Dataset entries Block Start

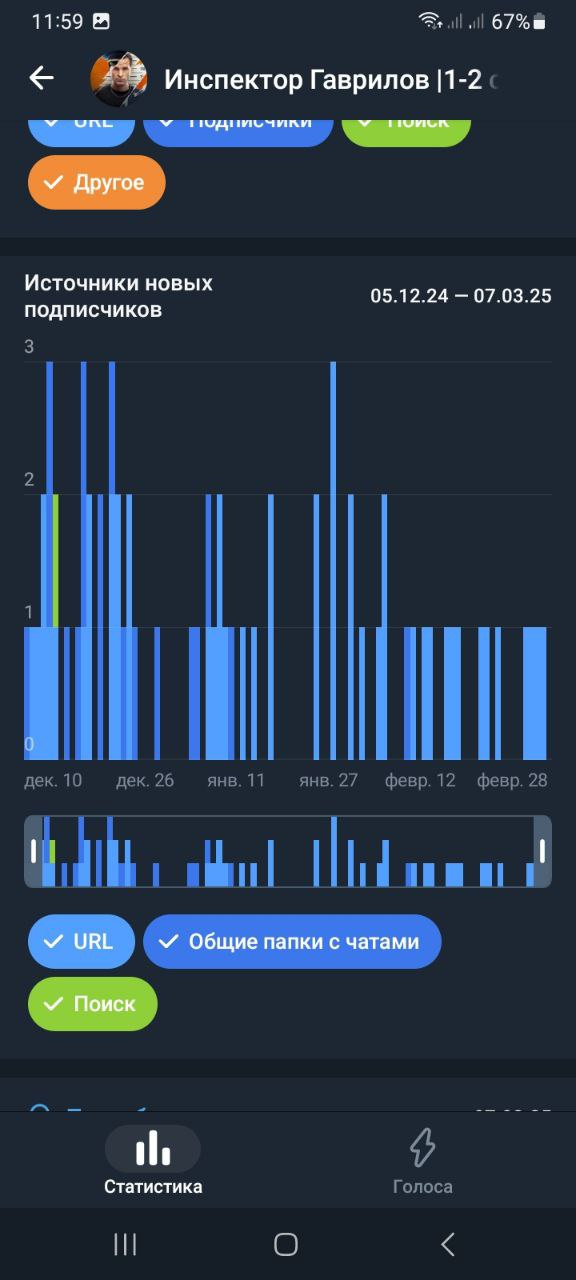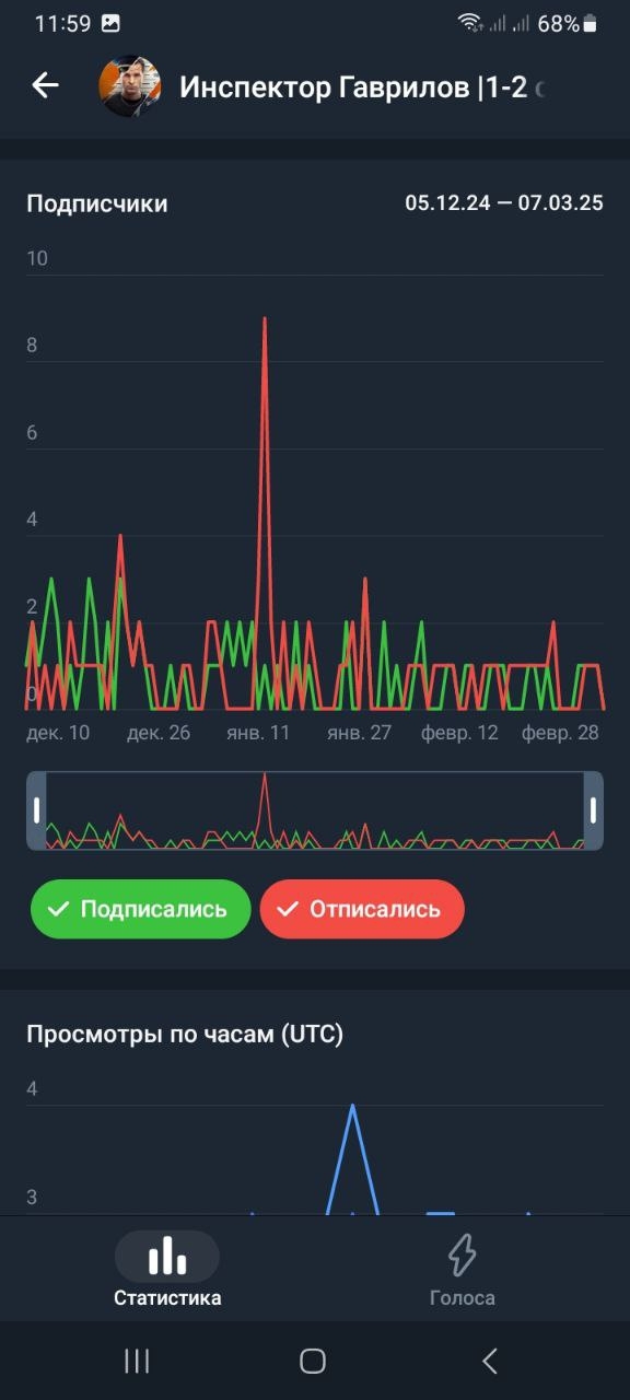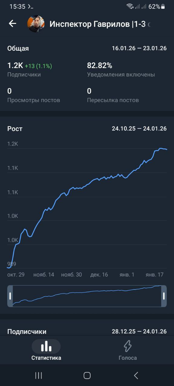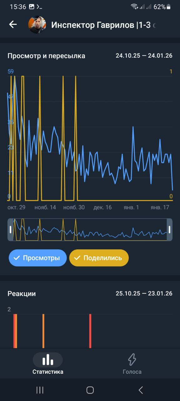 Статистика в телеметре https://telemetr.me/analytics/?name=https://t.me/inspector_gavrilov_serials
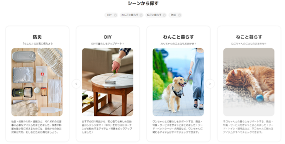 そういったお客様に対して「シーンから探す」という目的別のコンテンツ入り口を用意し、「最終的にこういう商品が必要になる」ということを伝えられるページを考えて作っています。ここに関しても強化を行っていき、様々な切り口からの商品購入を増やしていきたいです。
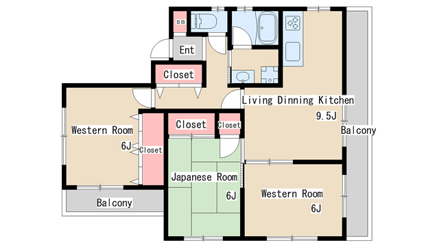 | 間取り | 3LDK | 間取り詳細 | 和室6 洋室6 洋室6 LDK9.5 |
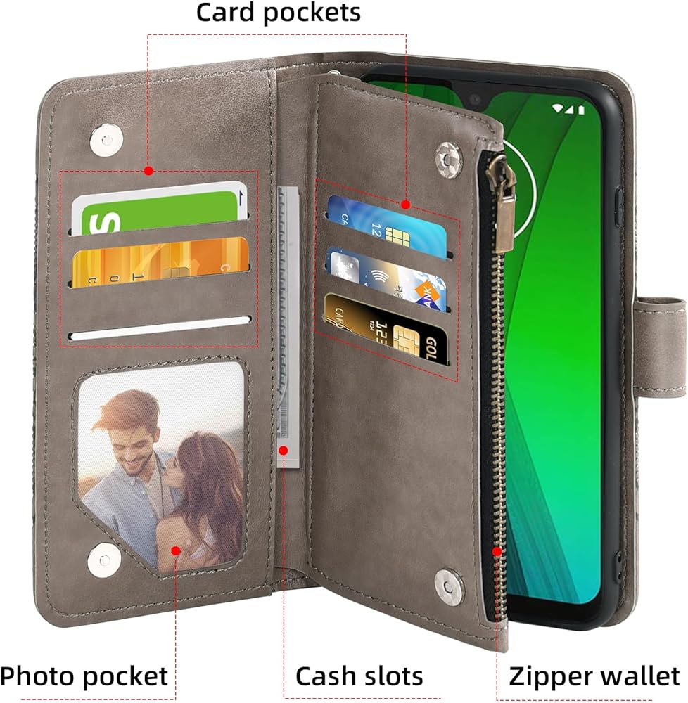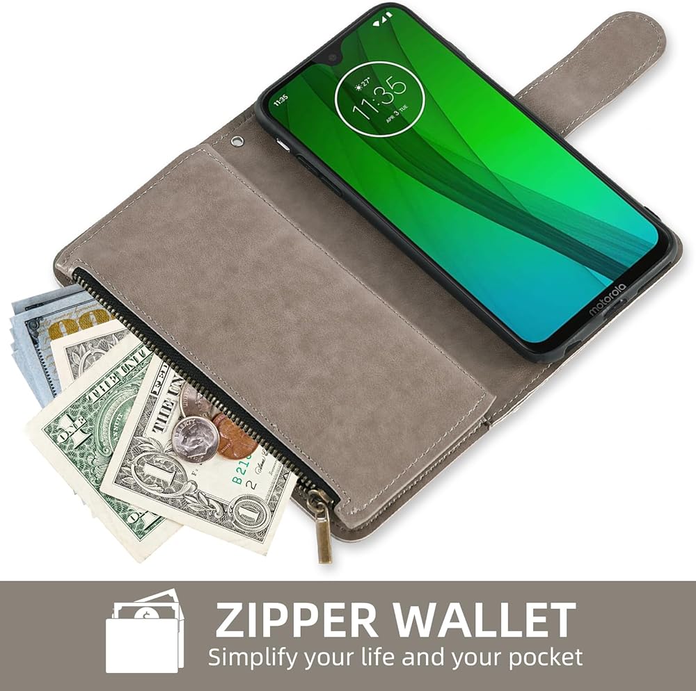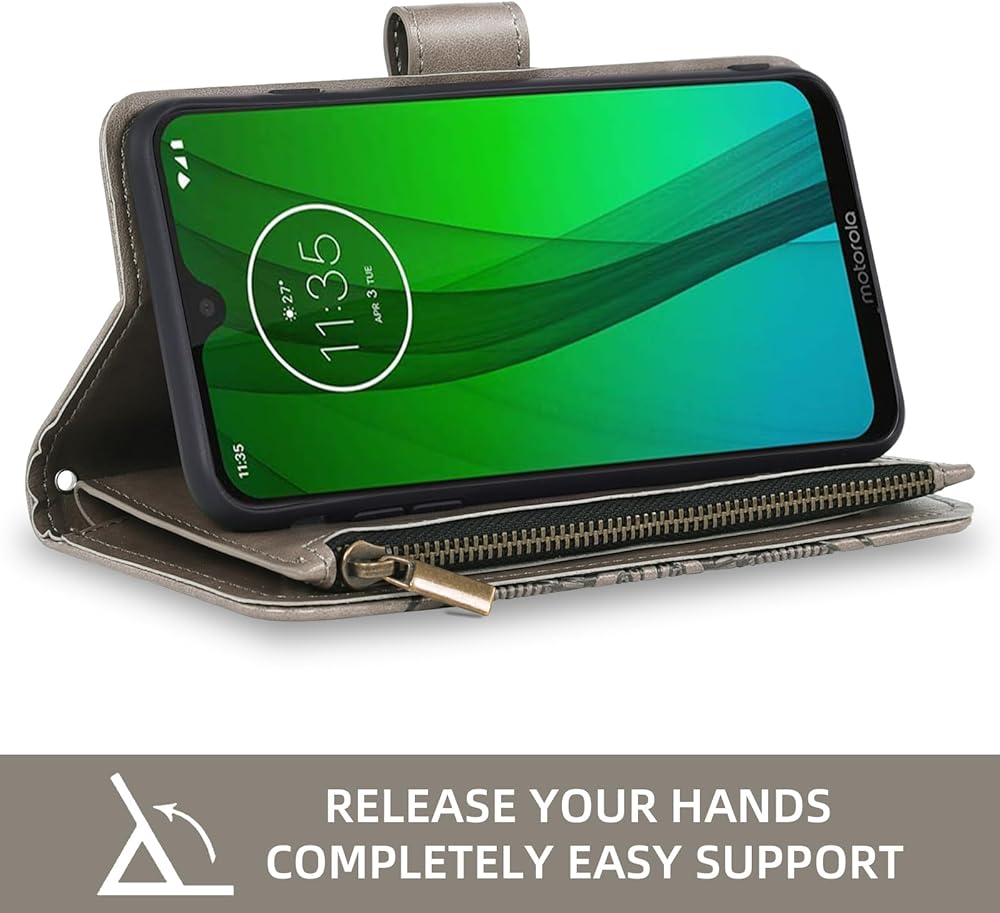 Asuwish Phone Case for Moto G7/G7+/Revvlry Plus Wallet Cover with Tempered Glass Screen Protector and Flip Card Holder Stand Cell Motorola G7Plus Moto7 XT1962-1 G 7 7G Tmobile Revvlry+6 Women Men Grey
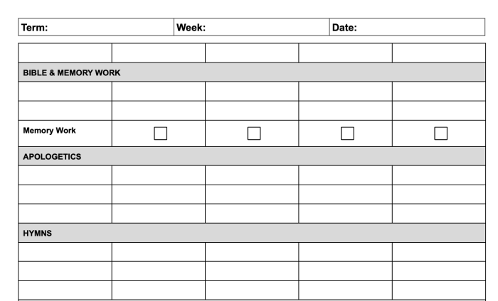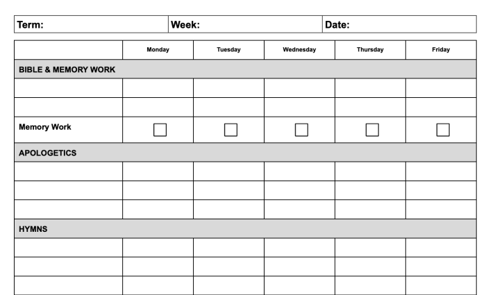 This chart has a column on the left for the resource or book title, and then a column for each day of the week, where you can fill in the assignment. The subjects include: Bible & Memory Work, Apologetics, Hymns, Read Aloud Books, History, Geography, Science & Nature, Enrichment & Character, Math, and Language Arts. There is also a blank line to fill in a subject of your choice. This is a two-page spread. Feel free to print it back-to-back, or so that it will be side-by-side, whichever you prefer! You will want to print 28 copies of this for the whole year.
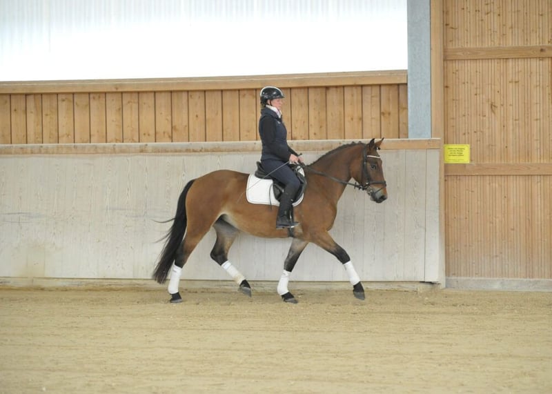 A very steady, friendly bay mare, easy to ride and uncomplicated in her overall demeanor. Experienced in the outdoor and not spooky. With a kind heart. A wonderful all-round mare for dressage, leisure riding, and trail riding.
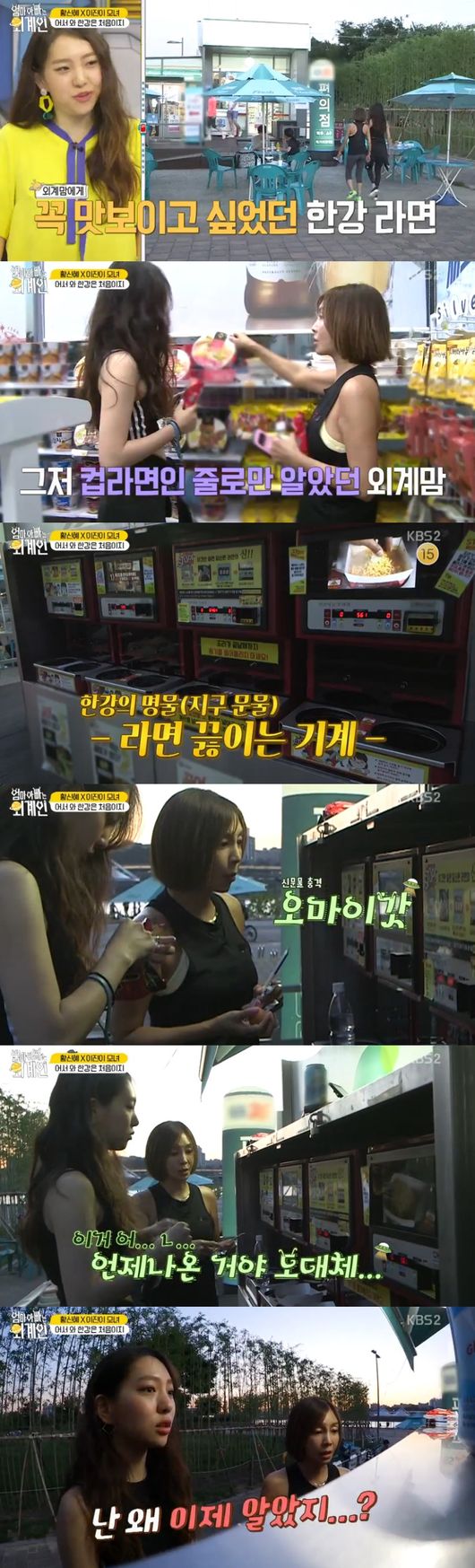 진이는 한강 즐기는 법을 직접 알려줬다. 한강라면부터 전수했다. 컵라면인 줄 만 알았던 편의점 신세계에 신기해했다.
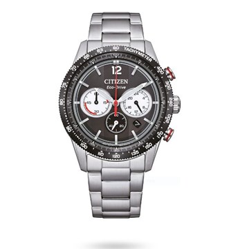 Orologio da uomo Citizen. Movimento eco-drive a carica luce con riserva di carica di 270 giorni. Cronografo a 1/5 di sec fino a 60 minuti. Cassa in acciaio con fondo serrato a vite. Dimensione cassa : 39 mm. Bracciale in acciaio con chiusura di sicurezza. vetro minerale curvato. Wr 10 bar. Referenza: CA4714-55E
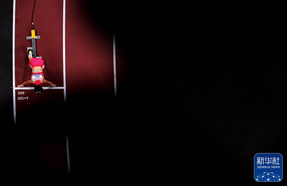 ↑莫家蝶在半决赛中准备起跑。新华社记者 李明 摄
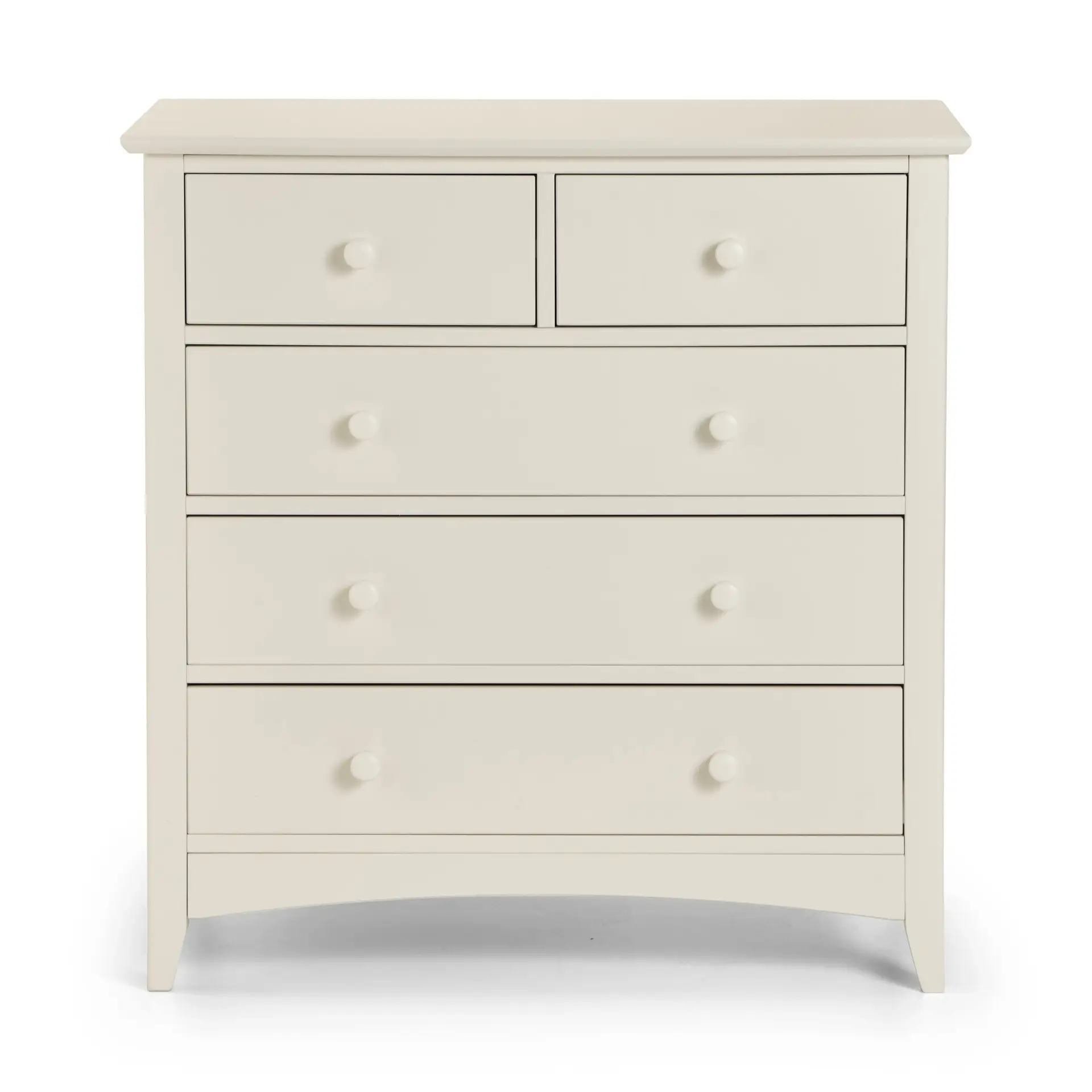 • Classic Design: The Julian Bowen Cameo 3+2 Chest features a timeless stone white finish, adding a touch of elegance to any bedroom decor. Its classic design complements both traditional and contemporary interiors, making it a versatile addition to your home.

Dataset entries Block End

Problem = Every entry above should be given again exactly, with no images included.

Task output =
 Статистика в телеметре https://telemetr.me/analytics/?name=https://t.me/inspector_gavrilov_serials
 そういったお客様に対して「シーンから探す」という目的別のコンテンツ入り口を用意し、「最終的にこういう商品が必要になる」ということを伝えられるページを考えて作っています。ここに関しても強化を行っていき、様々な切り口からの商品購入を増やしていきたいです。
 | 間取り | 3LDK | 間取り詳細 | 和室6 洋室6 洋室6 LDK9.5 |
 Asuwish Phone Case for Moto G7/G7+/Revvlry Plus Wallet Cover with Tempered Glass Screen Protector and Flip Card Holder Stand Cell Motorola G7Plus Moto7 XT1962-1 G 7 7G Tmobile Revvlry+6 Women Men Grey
 This chart has a column on the left for the resource or book title, and then a column for each day of the week, where you can fill in the assignment. The subjects include: Bible & Memory Work, Apologetics, Hymns, Read Aloud Books, History, Geography, Science & Nature, Enrichment & Character, Math, and Language Arts. There is also a blank line to fill in a subject of your choice. This is a two-page spread. Feel free to print it back-to-back, or so that it will be side-by-side, whichever you prefer! You will want to print 28 copies of this for the whole year.
 A very steady, friendly bay mare, easy to ride and uncomplicated in her overall demeanor. Experienced in the outdoor and not spooky. With a kind heart. A wonderful all-round mare for dressage, leisure riding, and trail riding.
 진이는 한강 즐기는 법을 직접 알려줬다. 한강라면부터 전수했다. 컵라면인 줄 만 알았던 편의점 신세계에 신기해했다.
 Orologio da uomo Citizen. Movimento eco-drive a carica luce con riserva di carica di 270 giorni. Cronografo a 1/5 di sec fino a 60 minuti. Cassa in acciaio con fondo serrato a vite. Dimensione cassa : 39 mm. Bracciale in acciaio con chiusura di sicurezza. vetro minerale curvato. Wr 10 bar. Referenza: CA4714-55E
 ↑莫家蝶在半决赛中准备起跑。新华社记者 李明 摄
 • Classic Design: The Julian Bowen Cameo 3+2 Chest features a timeless stone white finish, adding a touch of elegance to any bedroom decor. Its classic design complements both traditional and contemporary interiors, making it a versatile addition to your home.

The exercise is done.